Bir sabah uyanıyorsunuz, Müslüman bir adam olarak evlendiğiniz kocanız, rahip olmuş! Hıristiyan olacağım,” dediğinde çok da önemsemiyorsunuz. Dinini değiştiriyor, iş hayatını bırakıyor, sonra da din eğitimi almak için yola koyuluyor. Önce diagon (rahip yardımcısı) oluyor, bundan altı ay önce de İzmir Yeni Doğuş Kilisesi’ne pastör (rahip) olarak atanıyor. Hasan Yaman ve Seval Yaman’ın hikâyesi bu. Onlar aslında hiç de kolay olmayan bu sancılı süreci, birlikte atlatmışlar. Hasan Yaman istediği gibi bir rahip olmuş, Seval Yaman ise dinini değiştirmeyi aklının ucundan bile geçirmemiş. Öyküleri benim ilgimi çekti, sizi de tanıştırmak istedim.. 

– Bir sabah uyanıyorsunuz Müslüman bir işadamı olarak âşık olduğunuz kocanız artık bir rahip! O an aklınızdan neler geçti?
– Seval Yaman: Şaşkınlık! O bir süreçti tabii. Yıllar içinde oldu bu noktaya gelişi. “Hıristiyan olacağım,” dediğinde çok ciddiye almamıştım aslında.

– Öfke mi duydunuz bunu söylediğinde, “Sen artık benim sevdiğim adam değilsin,” mi dediniz? Yoksa onu şefkatle mi karşıladınız? 
– S.Y: “Nasıl olacak şimdi böyle,” dedim. “Sen Müslüman bir ailede doğdun. Bunu nasıl yaşayacaksın, yaşamını nasıl devam ettireceksin?” gibi tepkilerim oldu. Daha önce inançsızdı, o nedenle inanması bir taraftan da hoşuma gitti. Çünkü ben inançlı bir 

Müslümanım. Tabii ki evlendiğimizde rahip değildi, Hıristiyan bile değildi. Yine de “Sen artık benim sevdiğim adam değilsin,” diyemezdim. Daha iyi bir insan olmaya çabalıyordu. Bunu kabullenebileceğimi düşündüm. 

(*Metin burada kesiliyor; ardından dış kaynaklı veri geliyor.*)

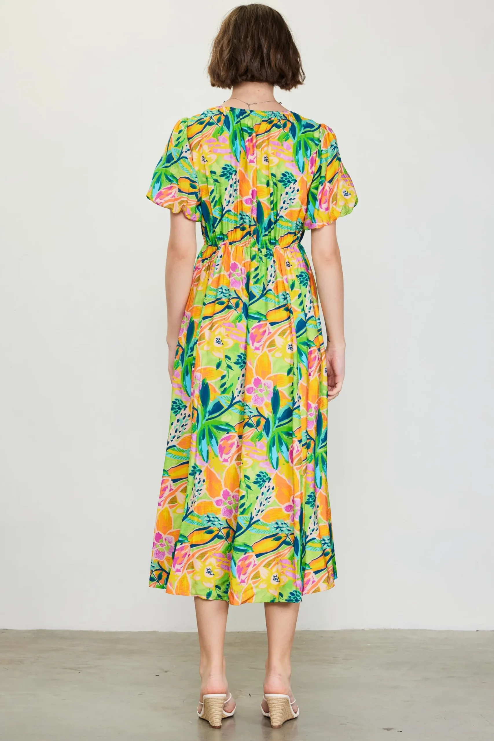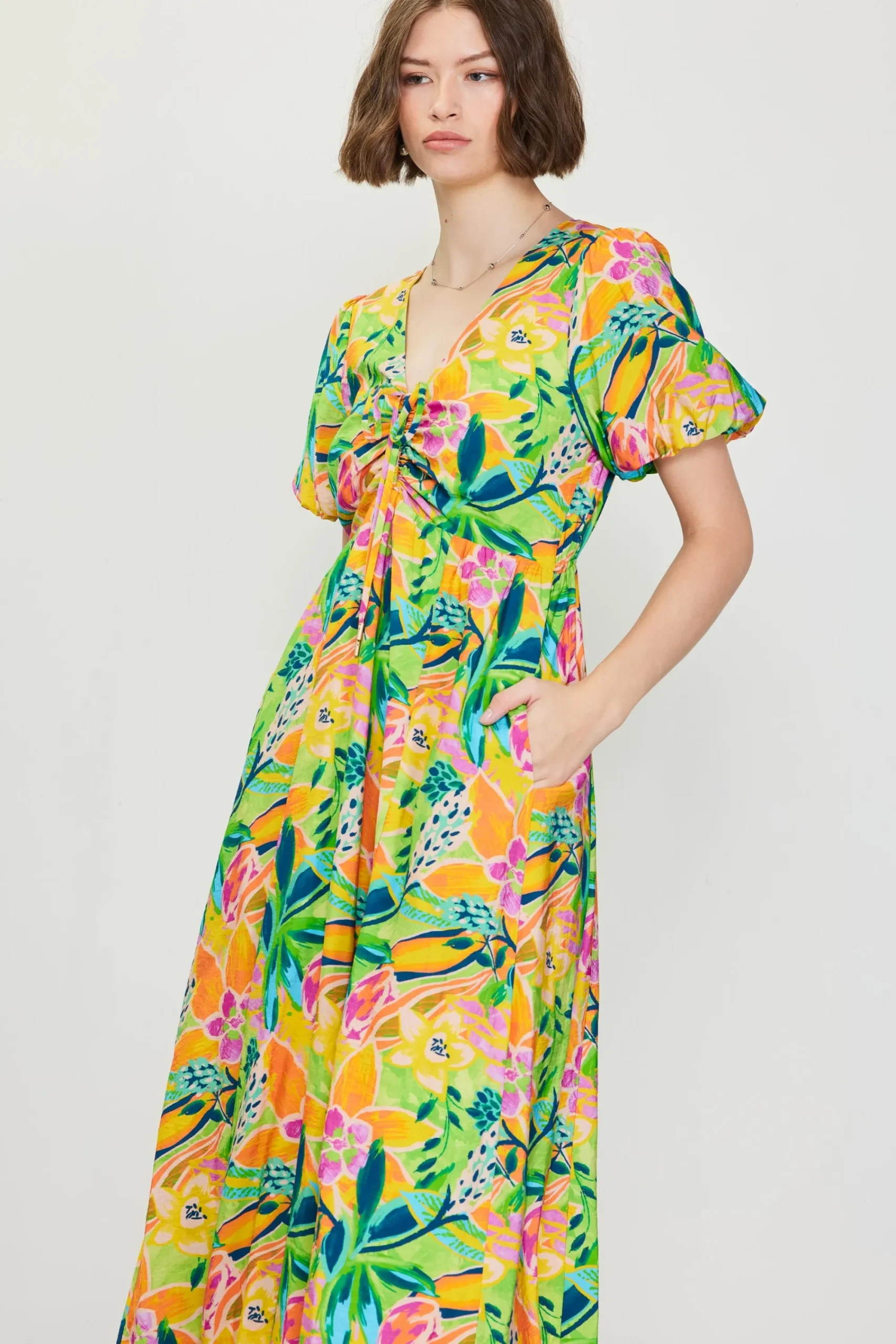 A color palette of mood-boosting brights enlivens this floral-printed midi dress. Framed by voluminous bubble sleeves, it’s got a V-shaped neckline with tie detailing that lets you adjust the fit of the bodice.
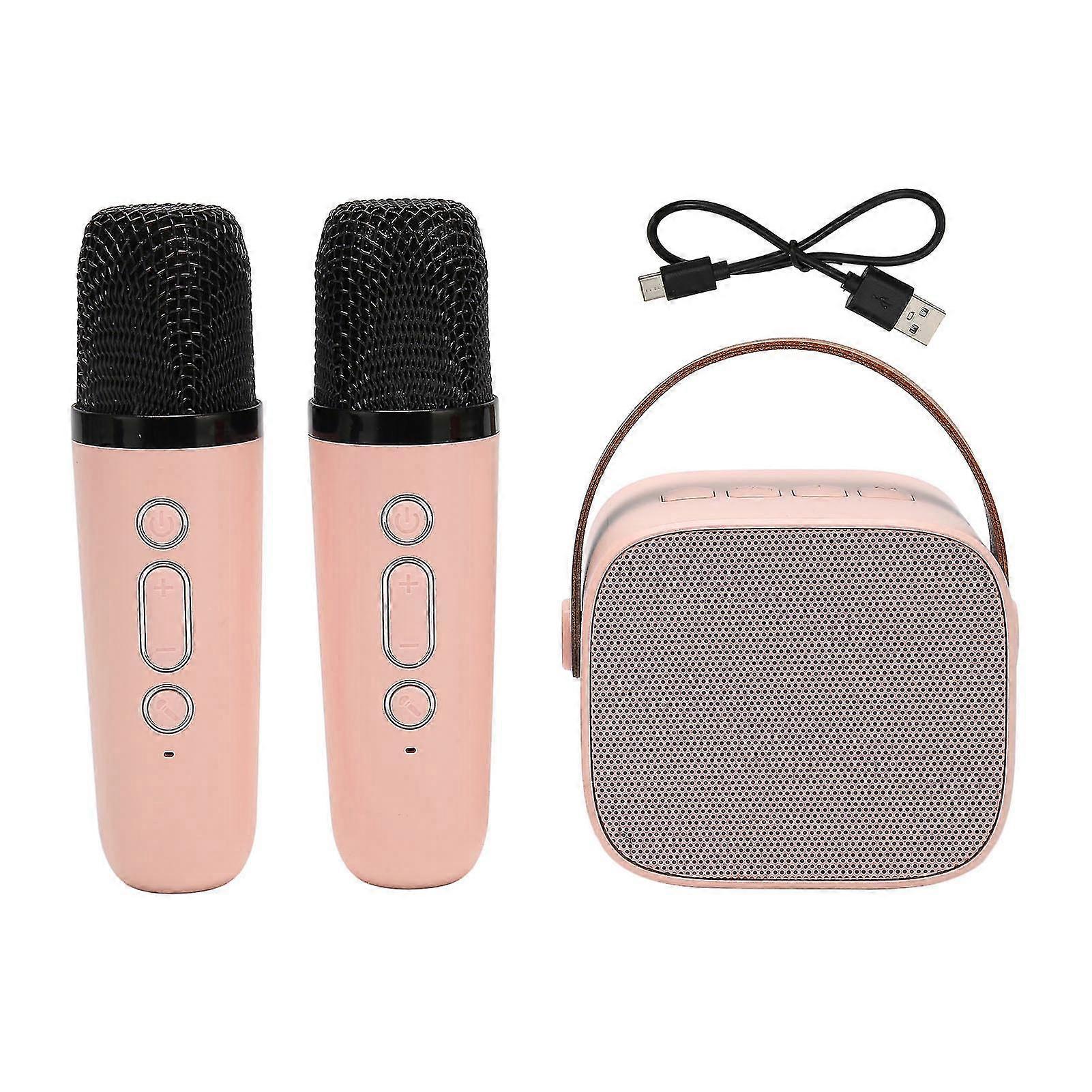 Karaoke Machine for Home Party KTV - Portable Bluetooth Speaker with 2 Wireless Microphones (Pink)

– Bir insanın bu kadar değişmesi, birlikte yolculuk ettiği insana haksızlık mıdır, yoksa bu yalnızca kendi seçimi ve hakkı mıdır? Yanındakine “Tamam birlikte yürüyoruz, ama ben bu yoldan gideceğim sen yine de benim elimi bırakma,” diyebilir mi? 
– S.Y: 
Hakkı tabii ki. Bu dönüşüm, benim kaldırabileceğim bir dönüşümdü. Ben ona saygı gösterdim. Çünkü o bunu seçerken bana “Sen de seç,” demedi. Bunu ister tabii ki, ama beni buna zorlamadı. Ben de Hıristiyan olmayı hiç düşünmedim. Biz aynı evde bir rahip ve bir Müslüman mutlu yaşamayı başardık. 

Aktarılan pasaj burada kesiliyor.